Any pictures in the records below should be skipped; write out everything else exactly.

··· GIVEN DATA ···

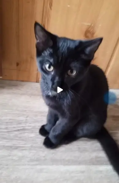 Черный котенок с маленьким белым пятнышком на грудке , белым пятном на животике, 3-4 месяцев был подобран на улице Бородина, 15. Истошно мяукал возле мусорных баков.
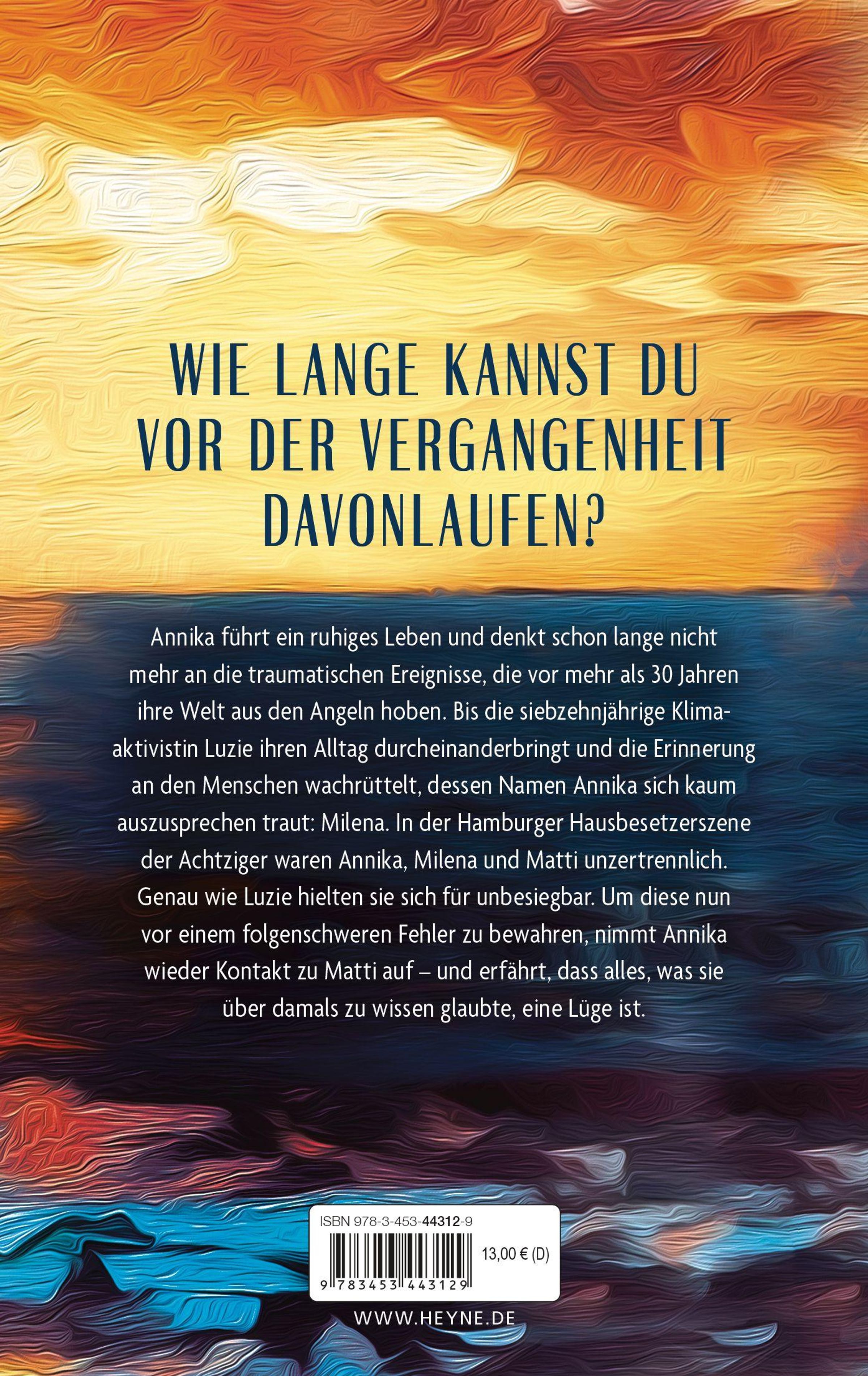 Annika führt ein ruhiges Leben und denkt schon lange nicht mehr an die traumatischen Ereignisse, die vor mehr als dreißig Jahren ihre Welt aus den Angeln hoben. Bis die siebzehnjährige Klimaaktivistin Luzie ihren Alltag durcheinanderbringt und die Erinnerung an den Menschen wachrüttelt, dessen Namen sich Annika kaum auszusprechen traut: Milena. In der Hamburger Hausbesetzerszene der Achtziger waren Annika, Milena und Matti unzertrennlich. Sie hielten sich für unbesiegbar, so wie Luzie es tut. Um diese vor einem folgenschweren Fehler zu bewahren, nimmt Annika wieder Kontakt zu Matti auf. Sie reist zu ihm nach Italien - und erfährt, dass alles, was sie über damals zu wissen glaubte, eine Lüge ist.
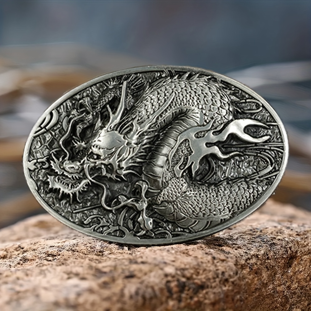 TEMU 1개 입체 드래곤 날아가는 릴리프 오벌 버클, 트렌디한 서양 간단한 남성용 벨트 버클, 서유럽 및 미국 스타일로 어떤 스타일의 벨트와도 매치 가능, 선물용
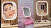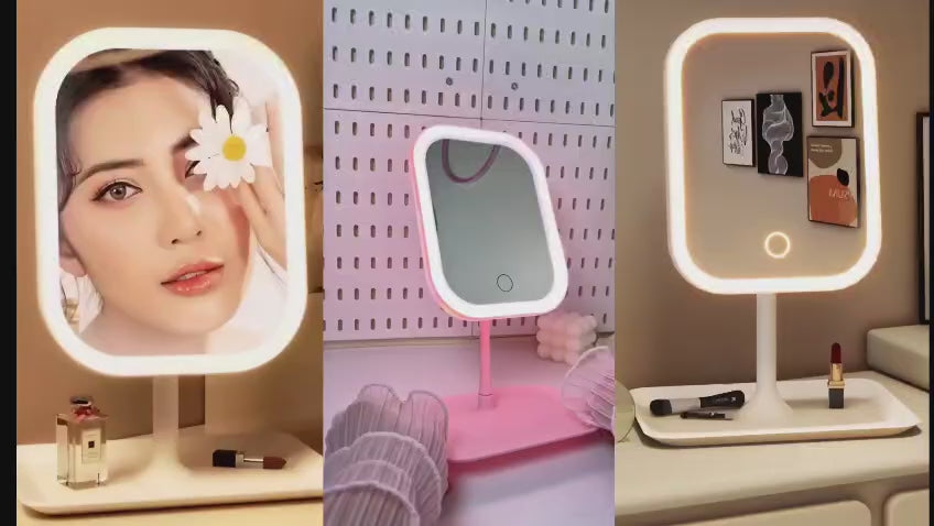 Espelho de mesa moderno com iluminação LED ajustável, disponível nas cores BRANCA e ROSA. Design elegante com formato retangular de cantos arredondados e base com bandeja para maquiagem e acessórios. O espelho possui botão sensível ao toque e luz suave ideal para maquiagem ou cuidados pessoais. Ambiente minimalista e acolhedor em tons neutros, destacando o produto como peça decorativa funcional e sofisticada para penteadeiras e cômodas.
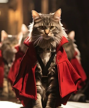 Cats wearing fashionable clothes at the runway show
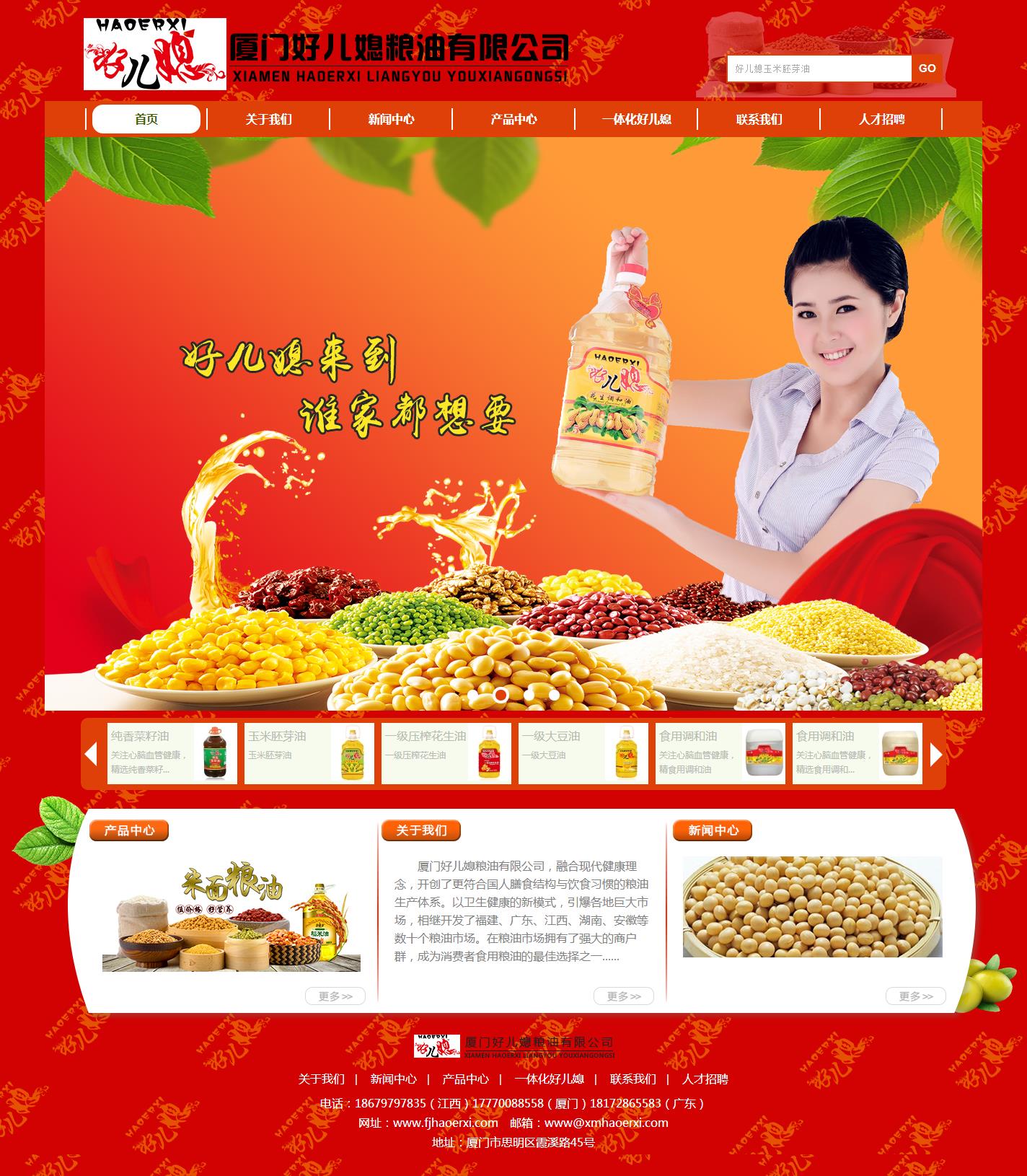 厦门好儿媳粮油有限公司,融合现代健康理念,开创了更符合国人膳食结构与饮食习惯的粮油生产体系。以卫生健康的新模式,引爆各地巨大市场,相继开发了福建、广东、江西、湖南、安徽等数十个粮油市场。在粮油市场拥有了强大的商户群,成为消费者食用粮油的最佳选择之一....
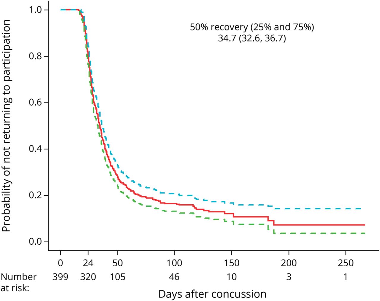 然而,我们的数据表明,一个缓慢的复苏轨迹确实隐含着运动员和他们的医疗提供者。正如已经提到的一段时间,少数有脑震荡的运动员和个人与其他类型的慢性症状模式和轻度创伤性脑损伤可以开发一个更难以完全恢复。正如图2,RTP postinjury减少约60天,那些无法RTP大约在3个月(90天,n = 50)受伤之后,RTP中值为187.1天。总的来说,这些发现表明,虽然总体缓慢复苏组的预后相当不错,恢复期需要的时间越长,成功的RTP的概率曲线趋于平缓,预后变得有利。
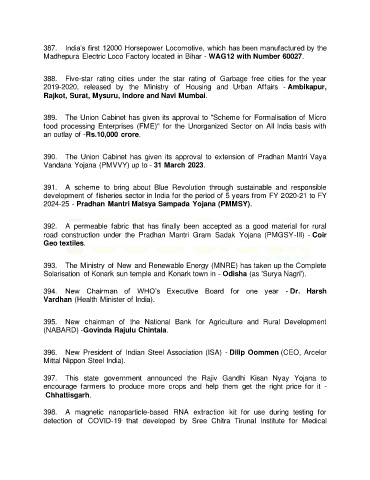 390. The Union Cabinet has given its approval to extension of Pradhan Mantri Vaya
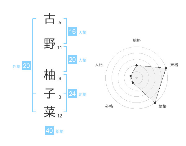古野 柚子菜さんの天格は16画の5点
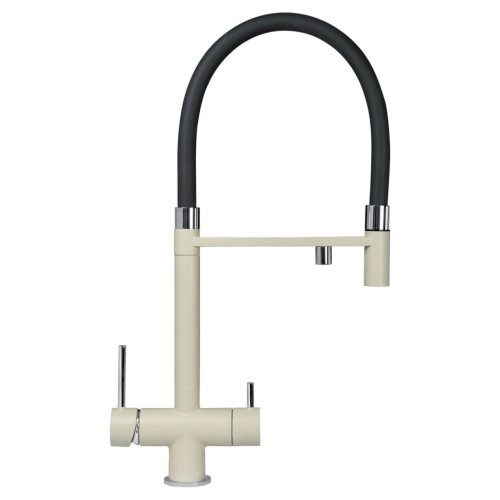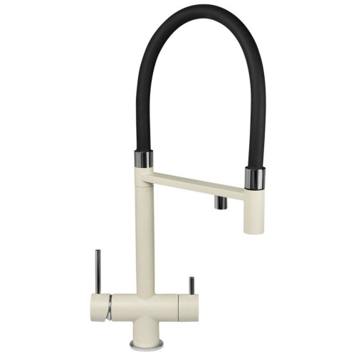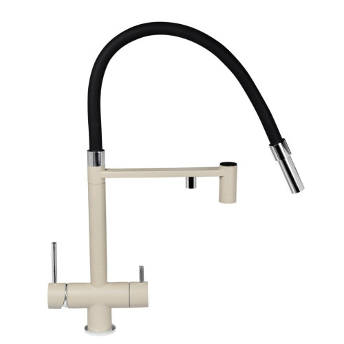 Смеситель с душем и подключением фильтрованной воды. Одноизливный – фильтрованная и водопроводная вода подаются через один аэратор. Это позволяет не нарушая общего вида смесителя, получать очищенную и водопроводную воду через одно устройство. Гибкий излив смесителя выполнен из армированного ПВХ и имеет длину 100 см. Корпус смесителя выполнен из латуни.
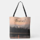 Designer large sunset boating bag with black handle. Personalise the photo, text and size for your great summer holiday tote bag. Great as a custom fabric gift bag, grocery bag, or a travel bag.
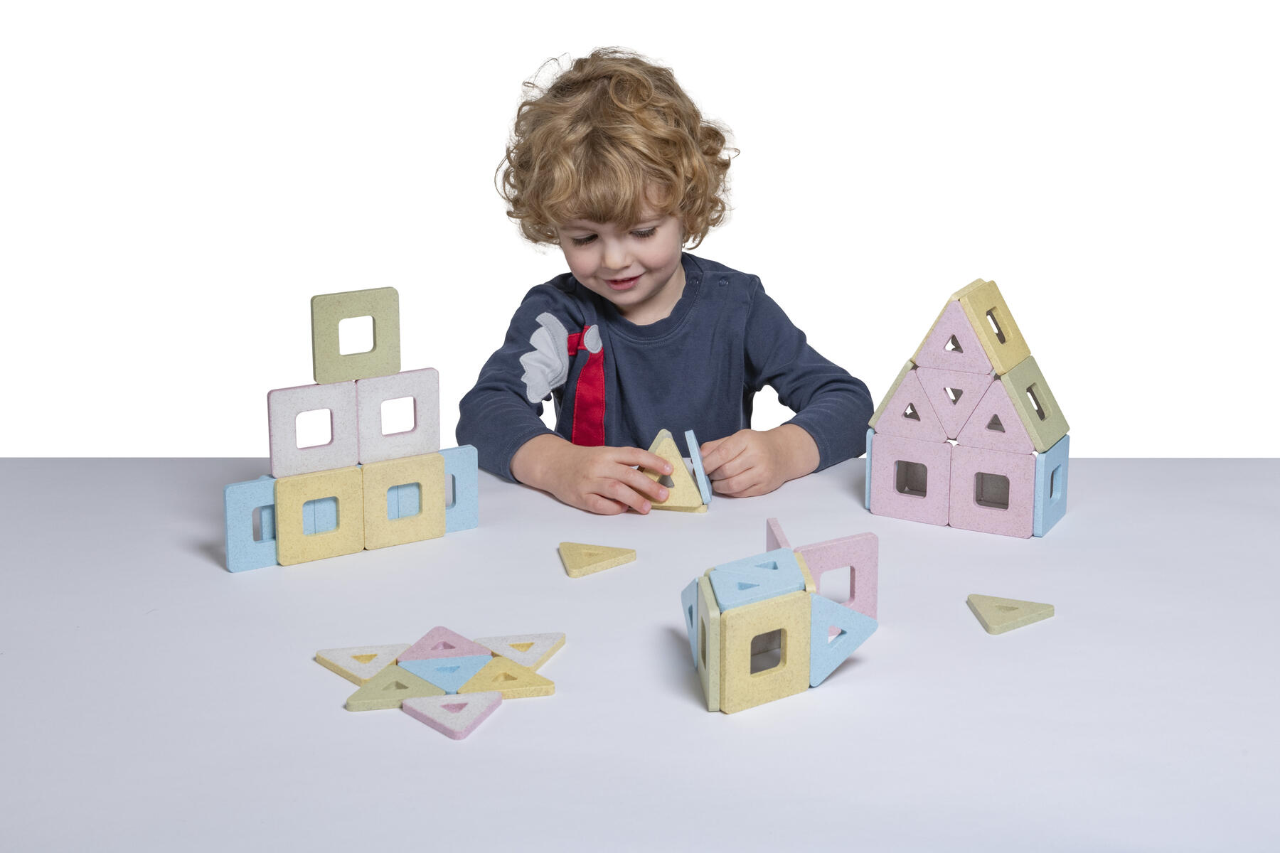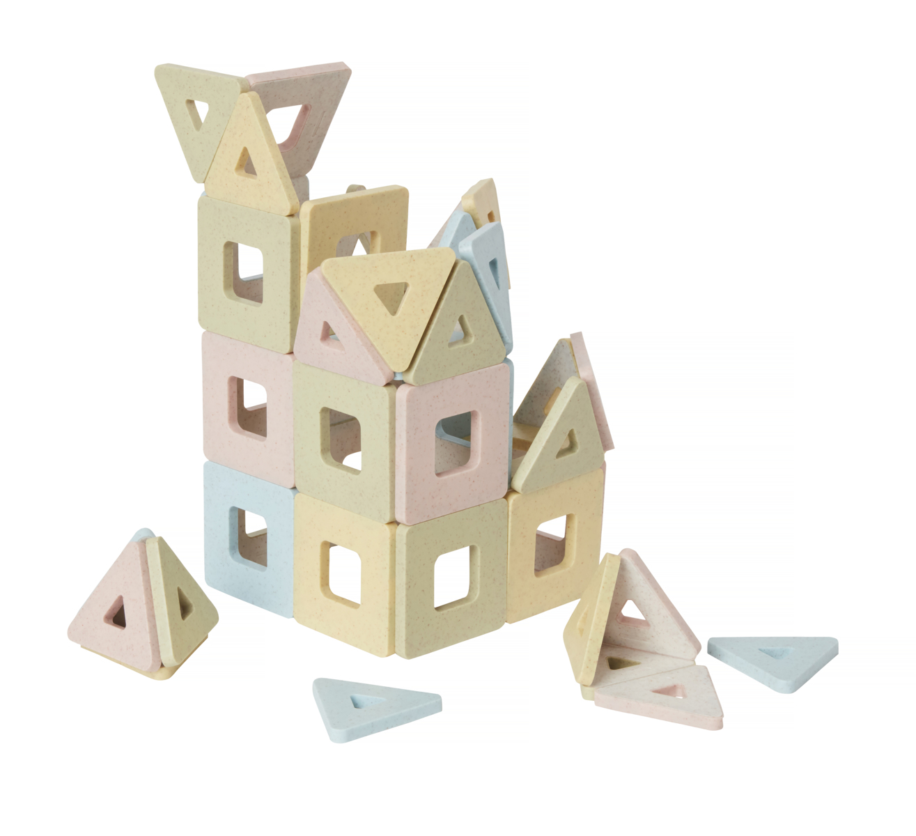 48 delar. Ett roligt magnetbyggset för de yngsta barnen. Består av magnetiska trianglar och kvadrater som enkelt kan sättas ihop för att skapa en mängd kreativa konstruktioner. Innehåller 24 trianglar och 24 kvadrater. Storlek på kvadrat är 7x7 cm. Av ABS. PVC-fri. Från 1 år.
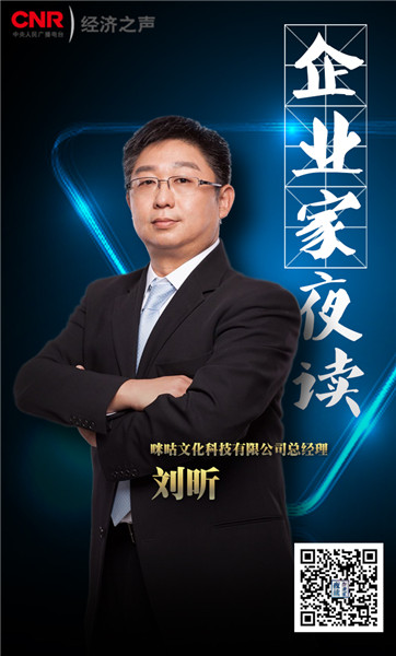 導讀:2018年,中央人民廣播電臺經(jīng)濟之聲全新推出《企業(yè)家夜讀》,這是一檔面對企業(yè)家群體及關心關注這個群體朋友們的閱讀朗讀節(jié)目。每周日晚九點,我們都會相聚在電波里。今天做客《企業(yè)家夜讀》的,是咪咕文化科技有限公司總經(jīng)理劉昕。
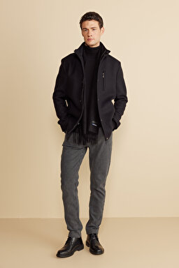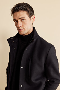 Dik Yaka Çıtçıtlı Kaşmir Karışımlı Kaban
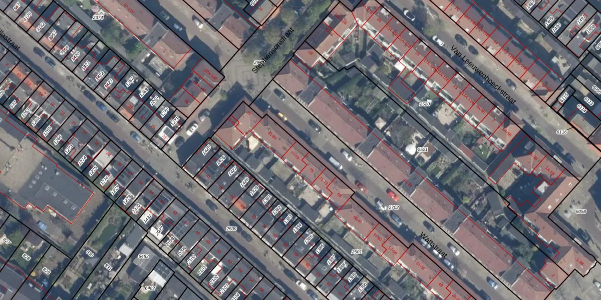 Het perceel waarop Wattstraat 79 staat heeft een oppervlakte van 2639 m². Dit is een zeer groot perceel. De perceeloppervlakte wordt geregistreerd door het Kadaster. Gedetailleerde informatie over de maten van dit perceel kunt u vinden in het rapport Kadastrale kaart met maatvoering van Wattstraat 79.
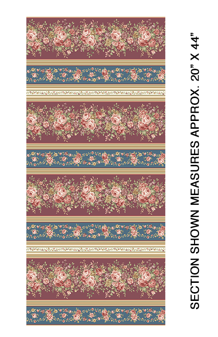 This fabric is perfect for your next project! The border stripe in burgundy will add some pop to any room. Made from 100% cotton, it's sure to be a favorite.
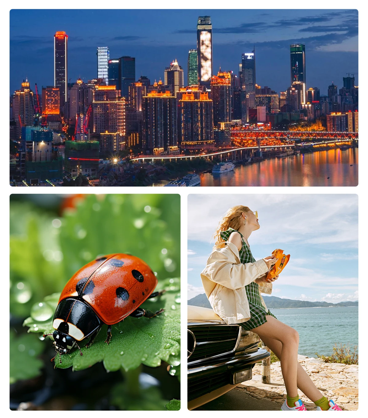 Combinación de cámara dual, imágenes delicadas
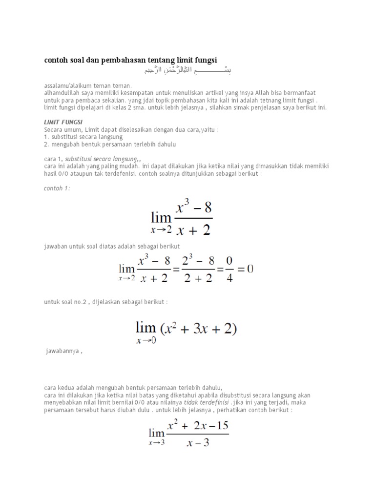 Jawaban Soal Limit. Sebelumnya kita sudah belajar pengertian, generic structure dan contoh teks announcement. Pada kesempatan kali ini, saya akan memberikan beberapa contoh soal tentang limit dan kekontinuan plus dengan jawabannya.
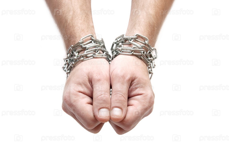 Руки, связанные цепью, изолированы на белом фоне

···

*RESULT OF THE TASK*
 Черный котенок с маленьким белым пятнышком на грудке , белым пятном на животике, 3-4 месяцев был подобран на улице Бородина, 15. Истошно мяукал возле мусорных баков.
 Annika führt ein ruhiges Leben und denkt schon lange nicht mehr an die traumatischen Ereignisse, die vor mehr als dreißig Jahren ihre Welt aus den Angeln hoben. Bis die siebzehnjährige Klimaaktivistin Luzie ihren Alltag durcheinanderbringt und die Erinnerung an den Menschen wachrüttelt, dessen Namen sich Annika kaum auszusprechen traut: Milena. In der Hamburger Hausbesetzerszene der Achtziger waren Annika, Milena und Matti unzertrennlich. Sie hielten sich für unbesiegbar, so wie Luzie es tut. Um diese vor einem folgenschweren Fehler zu bewahren, nimmt Annika wieder Kontakt zu Matti auf. Sie reist zu ihm nach Italien - und erfährt, dass alles, was sie über damals zu wissen glaubte, eine Lüge ist.
 TEMU 1개 입체 드래곤 날아가는 릴리프 오벌 버클, 트렌디한 서양 간단한 남성용 벨트 버클, 서유럽 및 미국 스타일로 어떤 스타일의 벨트와도 매치 가능, 선물용
 Espelho de mesa moderno com iluminação LED ajustável, disponível nas cores BRANCA e ROSA. Design elegante com formato retangular de cantos arredondados e base com bandeja para maquiagem e acessórios. O espelho possui botão sensível ao toque e luz suave ideal para maquiagem ou cuidados pessoais. Ambiente minimalista e acolhedor em tons neutros, destacando o produto como peça decorativa funcional e sofisticada para penteadeiras e cômodas.
 Cats wearing fashionable clothes at the runway show
 厦门好儿媳粮油有限公司,融合现代健康理念,开创了更符合国人膳食结构与饮食习惯的粮油生产体系。以卫生健康的新模式,引爆各地巨大市场,相继开发了福建、广东、江西、湖南、安徽等数十个粮油市场。在粮油市场拥有了强大的商户群,成为消费者食用粮油的最佳选择之一....
 然而,我们的数据表明,一个缓慢的复苏轨迹确实隐含着运动员和他们的医疗提供者。正如已经提到的一段时间,少数有脑震荡的运动员和个人与其他类型的慢性症状模式和轻度创伤性脑损伤可以开发一个更难以完全恢复。正如图2,RTP postinjury减少约60天,那些无法RTP大约在3个月(90天,n = 50)受伤之后,RTP中值为187.1天。总的来说,这些发现表明,虽然总体缓慢复苏组的预后相当不错,恢复期需要的时间越长,成功的RTP的概率曲线趋于平缓,预后变得有利。
 390. The Union Cabinet has given its approval to extension of Pradhan Mantri Vaya
古野 柚子菜さんの天格は16画の5点
 Смеситель с душем и подключением фильтрованной воды. Одноизливный – фильтрованная и водопроводная вода подаются через один аэратор. Это позволяет не нарушая общего вида смесителя, получать очищенную и водопроводную воду через одно устройство. Гибкий излив смесителя выполнен из армированного ПВХ и имеет длину 100 см. Корпус смесителя выполнен из латуни.
 Designer large sunset boating bag with black handle. Personalise the photo, text and size for your great summer holiday tote bag. Great as a custom fabric gift bag, grocery bag, or a travel bag.
 48 delar. Ett roligt magnetbyggset för de yngsta barnen. Består av magnetiska trianglar och kvadrater som enkelt kan sättas ihop för att skapa en mängd kreativa konstruktioner. Innehåller 24 trianglar och 24 kvadrater. Storlek på kvadrat är 7x7 cm. Av ABS. PVC-fri. Från 1 år.
 導讀:2018年,中央人民廣播電臺經(jīng)濟之聲全新推出《企業(yè)家夜讀》,這是一檔面對企業(yè)家群體及關心關注這個群體朋友們的閱讀朗讀節(jié)目。每周日晚九點,我們都會相聚在電波里。今天做客《企業(yè)家夜讀》的,是咪咕文化科技有限公司總經(jīng)理劉昕。
 Dik Yaka Çıtçıtlı Kaşmir Karışımlı Kaban
 Het perceel waarop Wattstraat 79 staat heeft een oppervlakte van 2639 m². Dit is een zeer groot perceel. De perceeloppervlakte wordt geregistreerd door het Kadaster. Gedetailleerde informatie over de maten van dit perceel kunt u vinden in het rapport Kadastrale kaart met maatvoering van Wattstraat 79.
 This fabric is perfect for your next project! The border stripe in burgundy will add some pop to any room. Made from 100% cotton, it's sure to be a favorite.
 Combinación de cámara dual, imágenes delicadas
 Jawaban Soal Limit. Sebelumnya kita sudah belajar pengertian, generic structure dan contoh teks announcement. Pada kesempatan kali ini, saya akan memberikan beberapa contoh soal tentang limit dan kekontinuan plus dengan jawabannya.
 Руки, связанные цепью, изолированы на белом фоне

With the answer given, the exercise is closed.